● **Records drawn from a dataset**

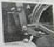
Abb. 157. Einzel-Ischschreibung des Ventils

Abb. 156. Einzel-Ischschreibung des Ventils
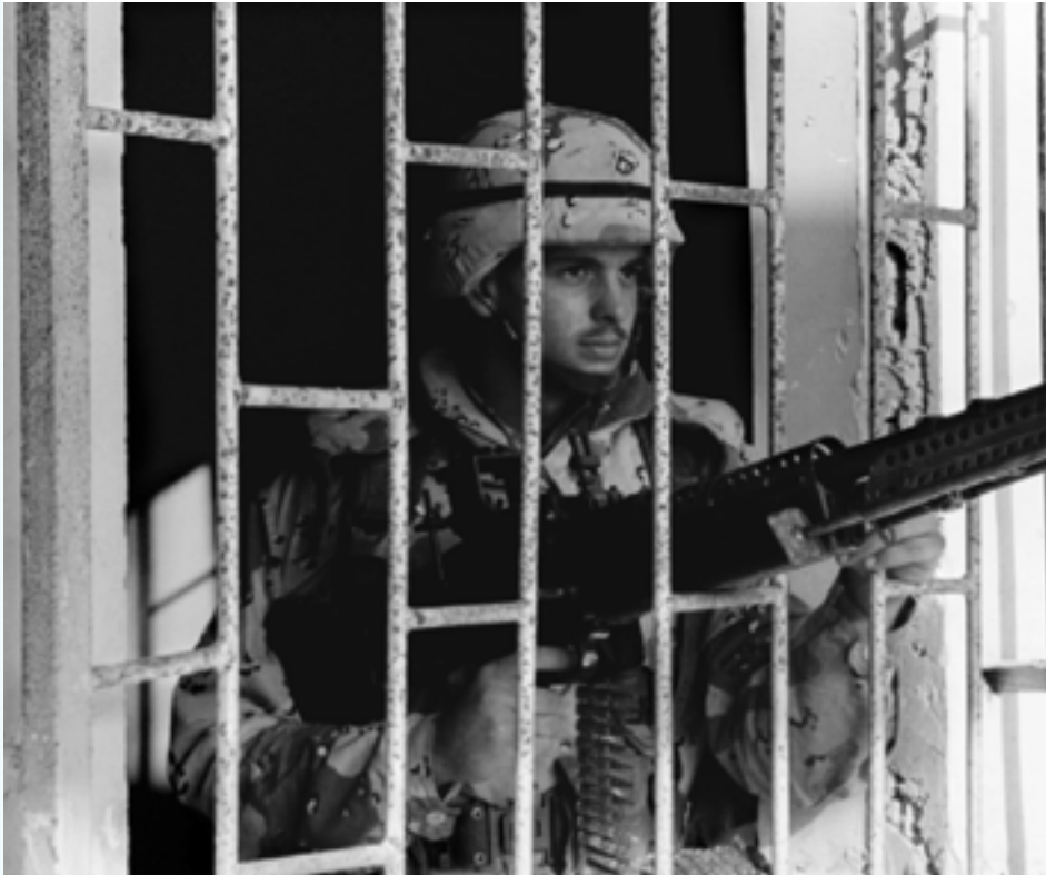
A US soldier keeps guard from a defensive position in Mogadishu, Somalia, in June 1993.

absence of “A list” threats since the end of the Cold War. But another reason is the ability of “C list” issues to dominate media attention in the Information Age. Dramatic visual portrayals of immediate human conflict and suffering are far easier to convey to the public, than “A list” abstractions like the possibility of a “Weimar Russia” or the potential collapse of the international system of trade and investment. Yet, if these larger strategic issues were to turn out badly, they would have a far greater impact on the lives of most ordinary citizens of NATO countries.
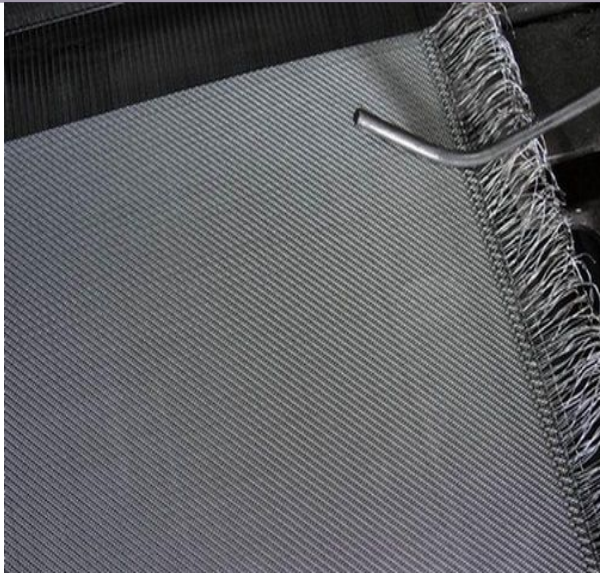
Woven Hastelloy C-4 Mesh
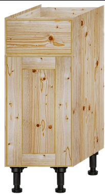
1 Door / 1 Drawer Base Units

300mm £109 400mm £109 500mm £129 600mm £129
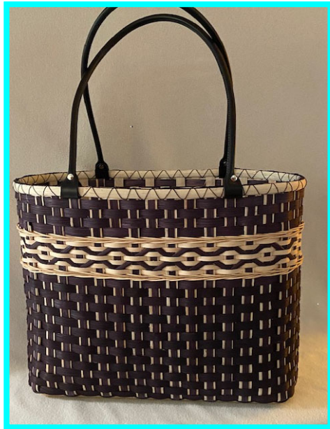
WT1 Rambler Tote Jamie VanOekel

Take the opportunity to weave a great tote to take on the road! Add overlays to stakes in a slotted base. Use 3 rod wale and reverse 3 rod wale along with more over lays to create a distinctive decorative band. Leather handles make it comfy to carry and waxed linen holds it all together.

==

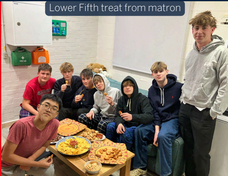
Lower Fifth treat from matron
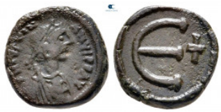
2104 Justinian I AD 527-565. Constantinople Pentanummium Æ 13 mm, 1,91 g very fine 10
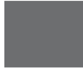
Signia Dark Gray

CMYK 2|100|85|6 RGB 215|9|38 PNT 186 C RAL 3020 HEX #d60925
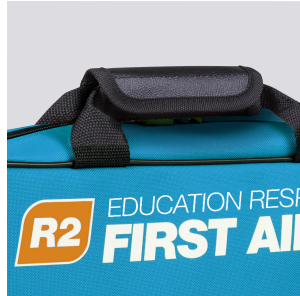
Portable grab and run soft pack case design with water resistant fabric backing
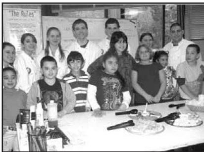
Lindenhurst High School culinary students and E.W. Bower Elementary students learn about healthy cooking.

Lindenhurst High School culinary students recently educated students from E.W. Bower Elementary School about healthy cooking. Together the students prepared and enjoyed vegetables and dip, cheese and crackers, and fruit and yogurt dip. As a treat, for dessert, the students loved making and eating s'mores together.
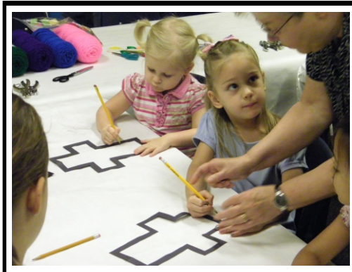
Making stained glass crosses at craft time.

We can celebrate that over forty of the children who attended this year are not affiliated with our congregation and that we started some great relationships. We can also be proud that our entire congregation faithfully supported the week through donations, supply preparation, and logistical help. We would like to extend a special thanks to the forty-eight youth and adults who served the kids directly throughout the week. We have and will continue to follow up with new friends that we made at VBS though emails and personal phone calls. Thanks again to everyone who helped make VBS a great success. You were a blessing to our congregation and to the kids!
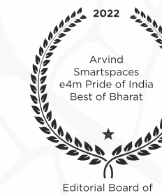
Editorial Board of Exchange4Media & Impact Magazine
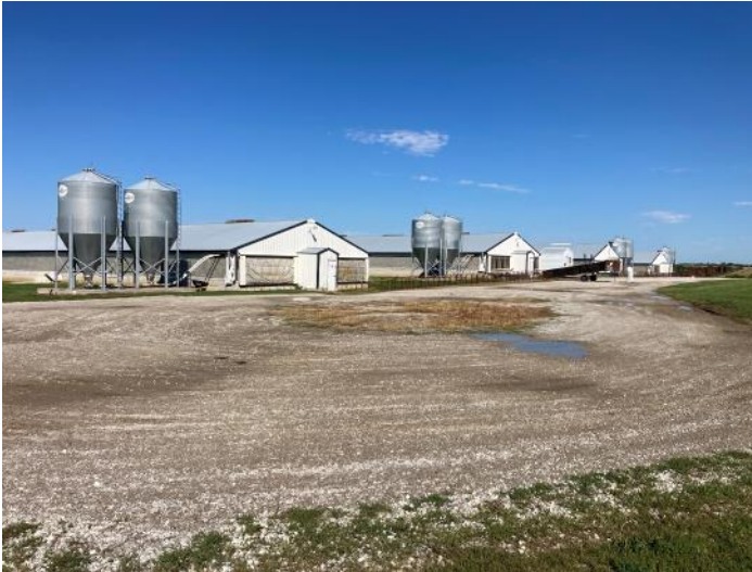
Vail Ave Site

● **The problem**
Your output should be the lines above from the one that contains "We can celebrate" through the one that contains "Vail Ave Site", word for word, with pictures left out.

● **Answer for the task**
We can celebrate that over forty of the children who attended this year are not affiliated with our congregation and that we started some great relationships. We can also be proud that our entire congregation faithfully supported the week through donations, supply preparation, and logistical help. We would like to extend a special thanks to the forty-eight youth and adults who served the kids directly throughout the week. We have and will continue to follow up with new friends that we made at VBS though emails and personal phone calls. Thanks again to everyone who helped make VBS a great success. You were a blessing to our congregation and to the kids!
Editorial Board of Exchange4Media & Impact Magazine
Vail Ave Site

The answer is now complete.